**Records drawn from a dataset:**
++++++++++++++++++++

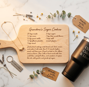 One board, one cherished recipe — but order one for every sibling so the whole family has the same heirloom. A beautiful project that pulls families together.
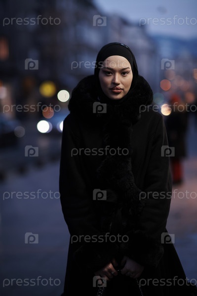Мусульманка идет по городской улице холодной зимней ночью в хиджабе
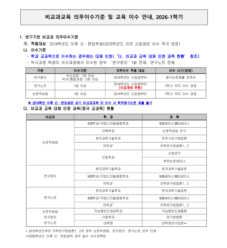 [학사] 2026-1학기 비교과교육 의무이수기준 및 교육 이수 안내
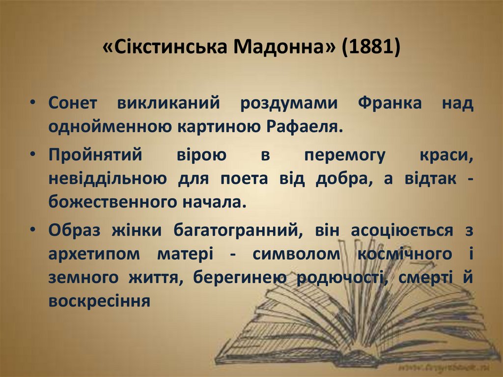 «Сікстинська Мадонна» (1881)• Сонет викликаний роздумами Франка над
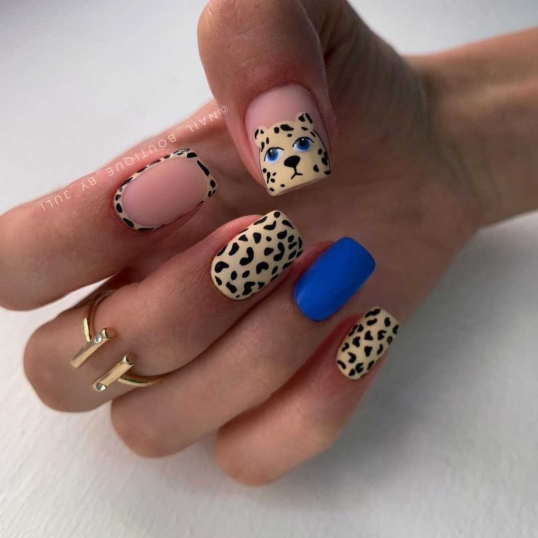 Красивые и элегантные дизайны французского 2022 года представлены в основных модных тенденциях нейл-арта. Одна из модных идей французского маникюра в этом году — лаконичные и минималистичные детали и элементы, основанные на естественных, геометрических и абстрактных узорах. Среди этих моделей — классический жакет с тигровым принтом на одном ногте.
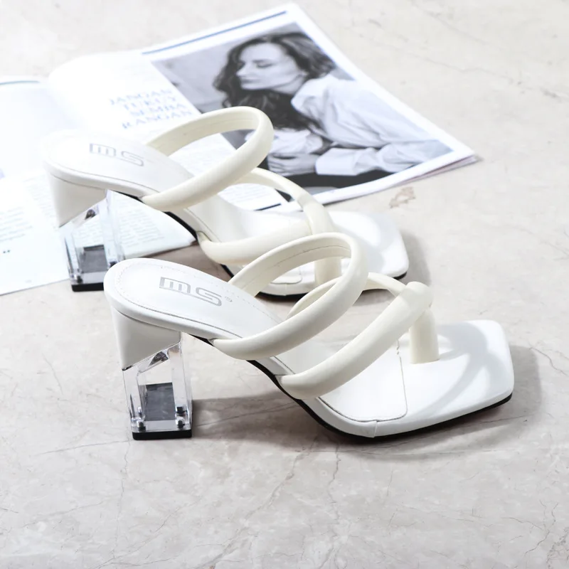 Women's Sandals 2021 Summer Clip Feet New Style Outside Pure Color Europe and America Sexy Plus Size Crystal High Heel Slippers
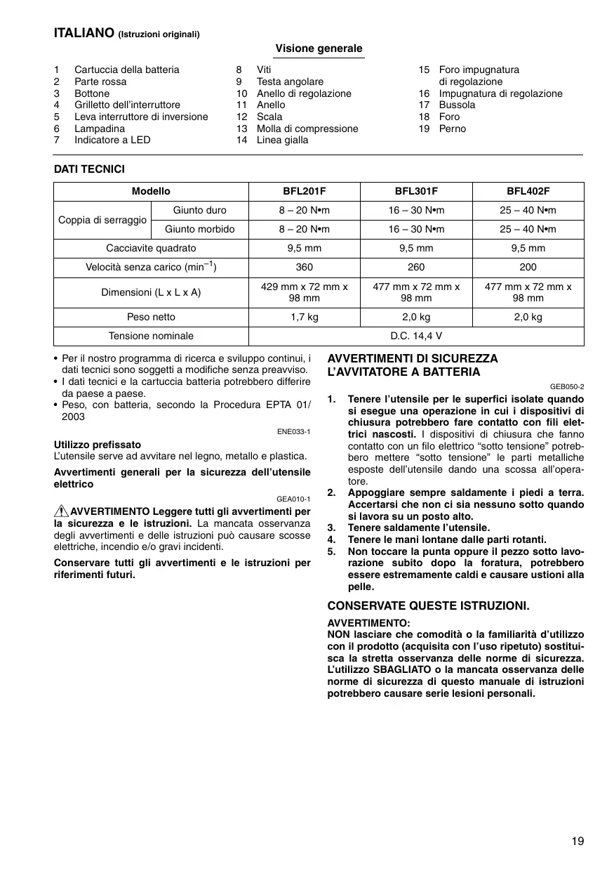ENE033-1 Utilizzo prefissato L’utensile serve ad avvitare nel legno, metallo e plastica. Avvertimenti generali per la sicurezza dell’utensile elettrico GEA010-1 AVVERTIMENTO Leggere tutti gli avvertimenti per la sicurezza e le istruzioni. La mancata osservanza degli avvertimenti e delle istruzioni può causare scosse elettriche, incendio e/o gravi incidenti. Conservare tutti gli avvertimenti e le istruzioni per riferimenti futuri.
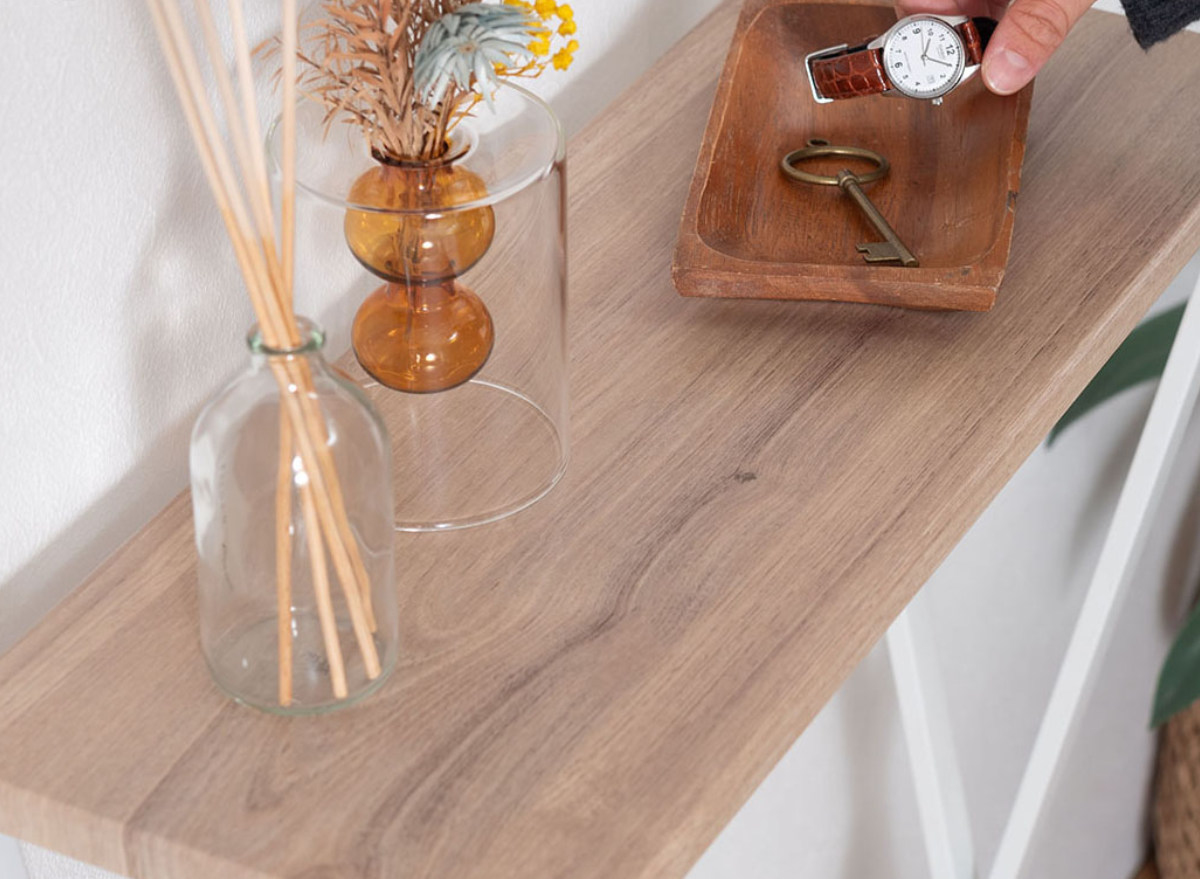奥行19cmのスリムなデザインのコンソールです。スペースの限られたお部屋でも、圧迫感なく置くことができます。玄関や廊下、リビングなど、ちょっとした置き場所が欲しい時に大活躍します。
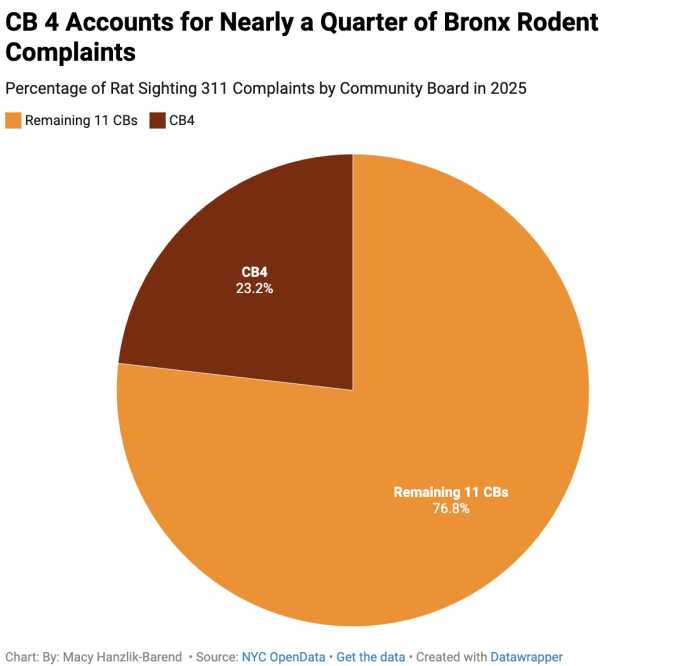 City data from the NYC Rat Sightings database, which records all 311 service requests related to rat sightings, shows that Community Board 4 accounts for nearly a quarter of all rodent complaints in the Bronx’s 12 Community Boards in 2025, underscoring the scale of the infestation in the area. The database is published through NYC Open Data, which provides free public data from city agencies.
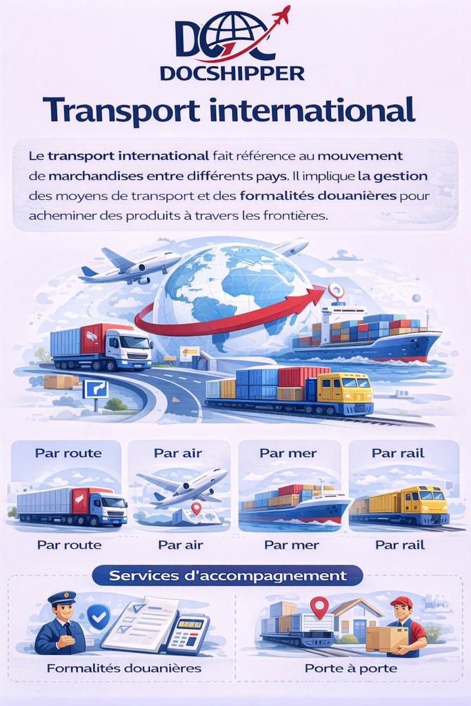 Le transport international désigne le déplacement physique de marchandises ou de personnes entre deux ou plusieurs pays, utilisant des modes terrestres, maritimes ou aériens. Régi par des conventions internationales comme les Incoterms ou la Convention de Montréal, il constitue l'épine dorsale du commerce mondial et nécessite une coordination logistique complexe entre transporteurs, douanes et acteurs réglementaires.

++++++++++++++++++++

**TASK:**
Pictures aside, print exactly the lines above starting with the one containing "роздумами Франка над" and going on through the one containing "Women's Sandals 2021".

**SOLUTION TO THE PROBLEM:**
 «Сікстинська Мадонна» (1881)• Сонет викликаний роздумами Франка над
 Красивые и элегантные дизайны французского 2022 года представлены в основных модных тенденциях нейл-арта. Одна из модных идей французского маникюра в этом году — лаконичные и минималистичные детали и элементы, основанные на естественных, геометрических и абстрактных узорах. Среди этих моделей — классический жакет с тигровым принтом на одном ногте.
 Women's Sandals 2021 Summer Clip Feet New Style Outside Pure Color Europe and America Sexy Plus Size Crystal High Heel Slippers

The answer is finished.